Sticta densiphyllidiata

Scientific classification
- Domain: Eukaryota
- Kingdom: Fungi
- Division: Ascomycota
- Class: Lecanoromycetes
- Order: Peltigerales
- Family: Peltigeraceae
- Genus: Sticta
- Species: S. densiphyllidiata
- Binomial name: Sticta densiphyllidiata Merc.-Díaz & Lücking (2020)

= Sticta densiphyllidiata =

- Authority: Merc.-Díaz & Lücking (2020)

Species of lichen

Sticta densiphyllidiata is a species of foliose lichen in the family Peltigeraceae. Found in Puerto Rico, it was formally described as a new species in 2020 by Joel Mercado‐Díaz and Robert Lücking.
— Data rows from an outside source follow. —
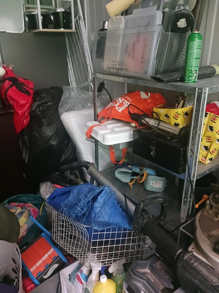 * Multiple containers and boxes of tools, DVD's, car parts, clothing, etc.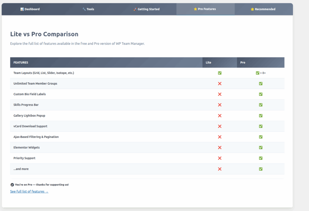 The Lite vs Pro Comparison section helps users understand the differences between the free (Lite) and premium (Pro) versions of WP Team Manager.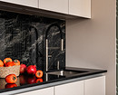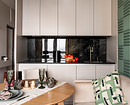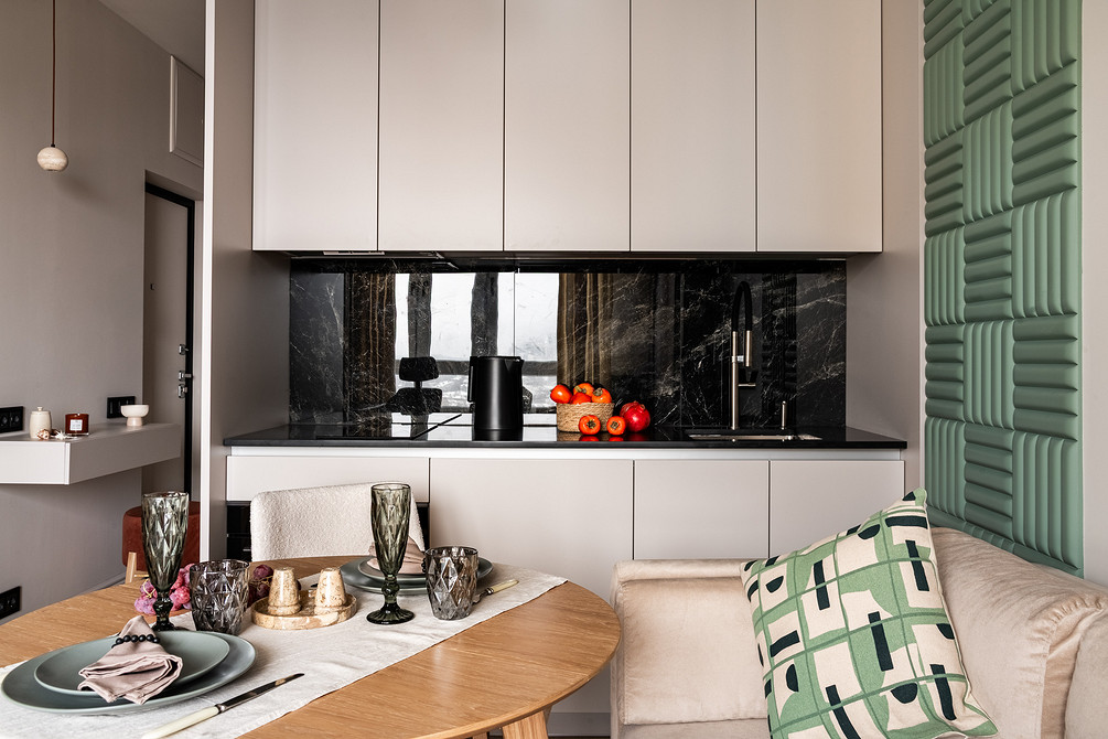 Кухня компактная, но соответствует размеру помещения и назначению — все-таки здесь будет жить не семья, а один молодой человек. Мини-холодильник встроен в нижний шкаф рядом с духовкой. В верхних шкафах до потолка предусмотрено достаточно хранения.

The type specimen was collected by the authors along a trail in El Yunque National Forest (Mameyes II, Río Grande), at an altitude of 909 m.The lichen is common in the rainforests on the eastern part of the island, where it thrives in humid and shaded habitats. It grows on rocks but the authors note that it could also grow as an epiphyte. The specific epithet densiphyllidiata refers to the dense distribution of branched phyllidia (vegetative propagules) that occur along the margins of the lobes.